Study of the Interaction Between Reduced Graphene Oxide and NO2 Gas Molecules via Density Functional Theory (DFT)

Abstract

Electronic properties such as density of state, energy gap, HOMO (the highest occupied molecular orbital) level, LUMO (the lowest unoccupied molecular orbital) level and density of bonds, as well as spectroscopic properties like infrared (IR), Raman scattering, force constant, and reduced masses for coronene C24, reduced graphene oxide (rGO) C24O5 and interaction between C24O5 and NO2 gas molecules were investigated. Density functional theory (DFT) with the exchange hybrid function B3LYP with 6-311G** basis sets through the Gaussian 09 W software program was used to do these calculations.

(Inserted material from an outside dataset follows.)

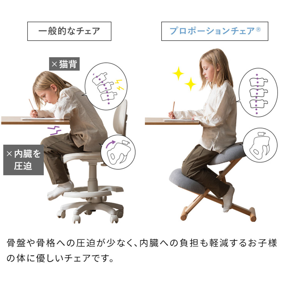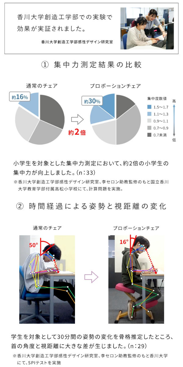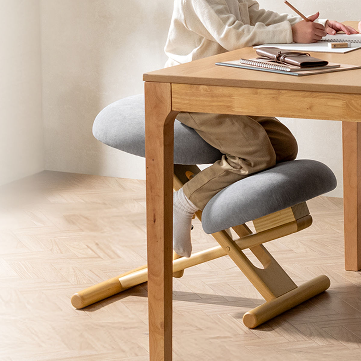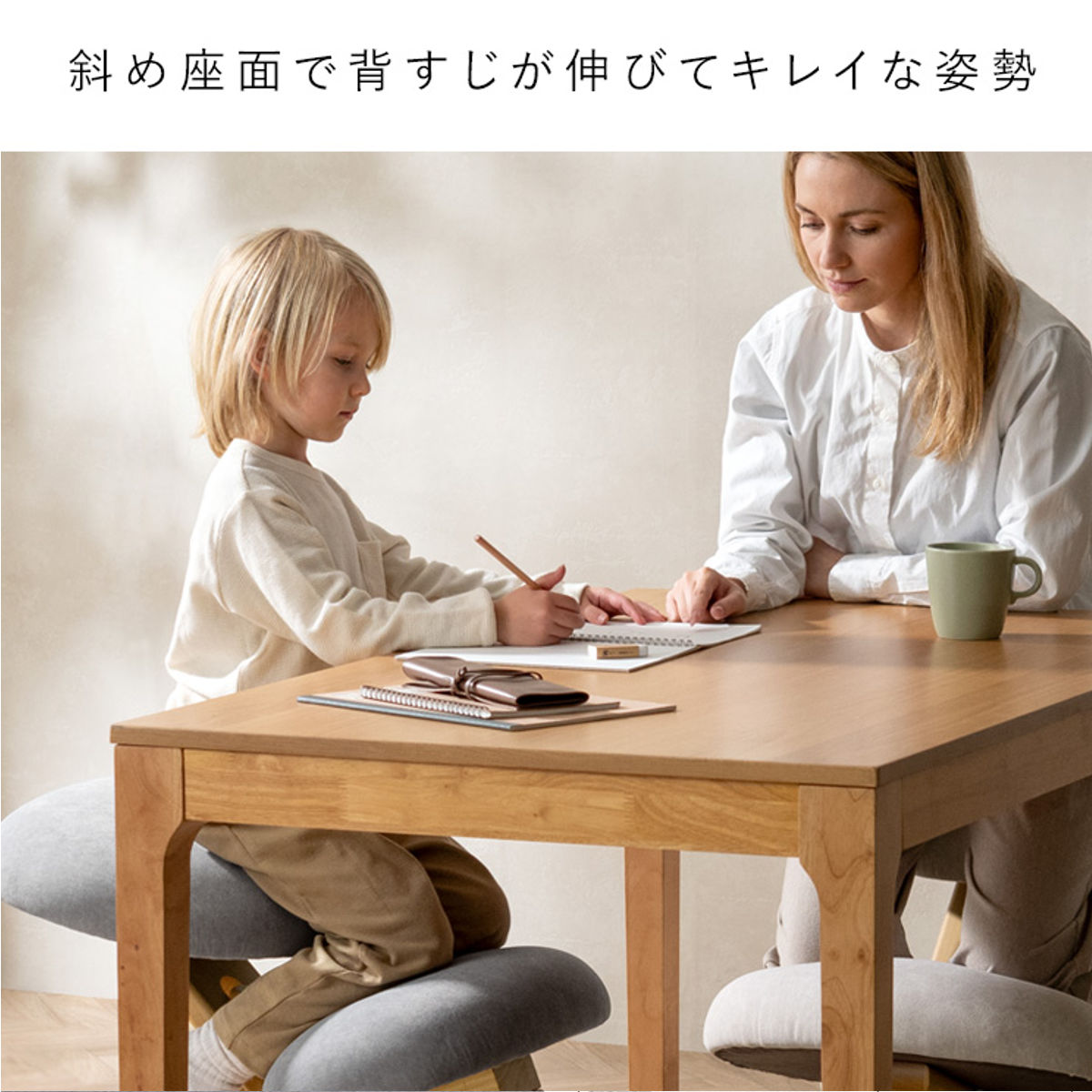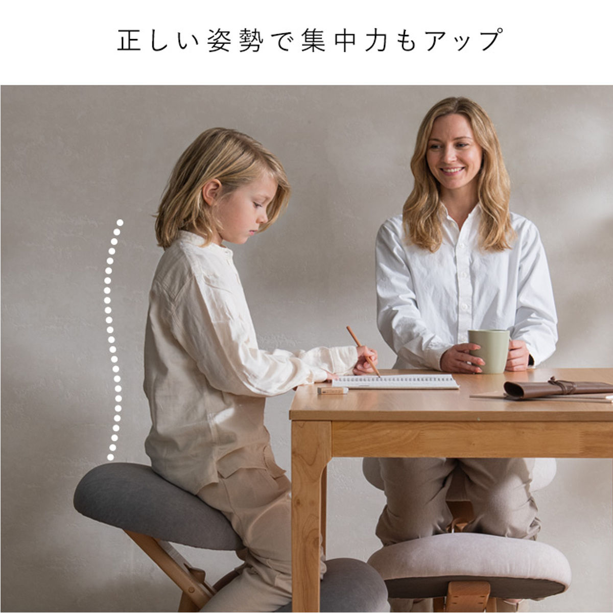 座るだけで背すじが伸び、集中しやすい姿勢へ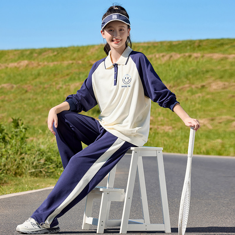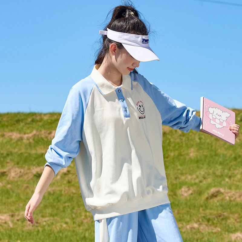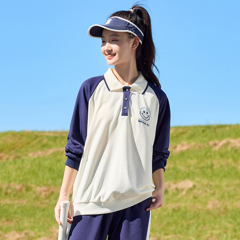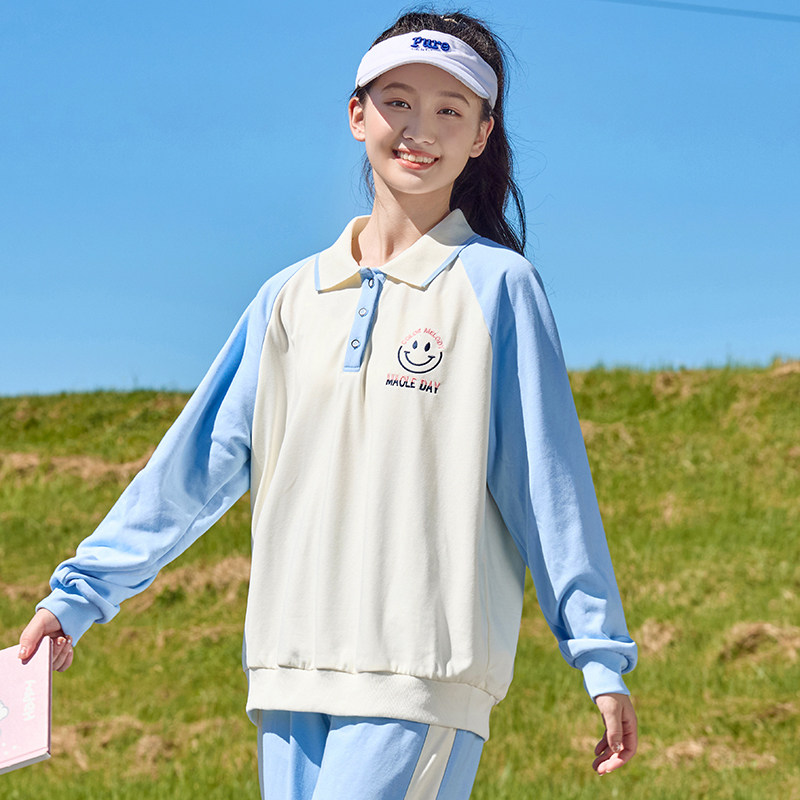 女大童卫衣春装套装新款Polo翻领洋气女孩初中学生女童长袖两件套

Gaussian view 05 was employed as a supplementary software to investigate the geometrical structure of C24, C24O5 and the interaction of C24O5 with NO2 gas molecule. It shows the energy gap of coronene C24 3.5 eV because the effect of quantum confinement and the Coulomb interaction geometry greatly influence the quasi-particle band gap and C24Ox where x = 1–7 was from 0.89 eV to 1.6862 eV a function of number of oxygen atoms and compared with the experiment value of graphene oxide which was between 1 eV and 2.2 eV. The spectroscopic properties were compared with the experiment value of graphene, graphene oxide and NO2 longitudinal optical (LO) modes of 1 585, 1 582 and 1 600 cm−1, respectively. The transition state of the interaction of rGO with nitrogen dioxide and Gibbs energy, enthalpy, activation entropy and reaction at various temperatures between 25°C and 100°C were calculated. The activation energy of C24O5 with nitrogen dioxide decreases with increasing temperature.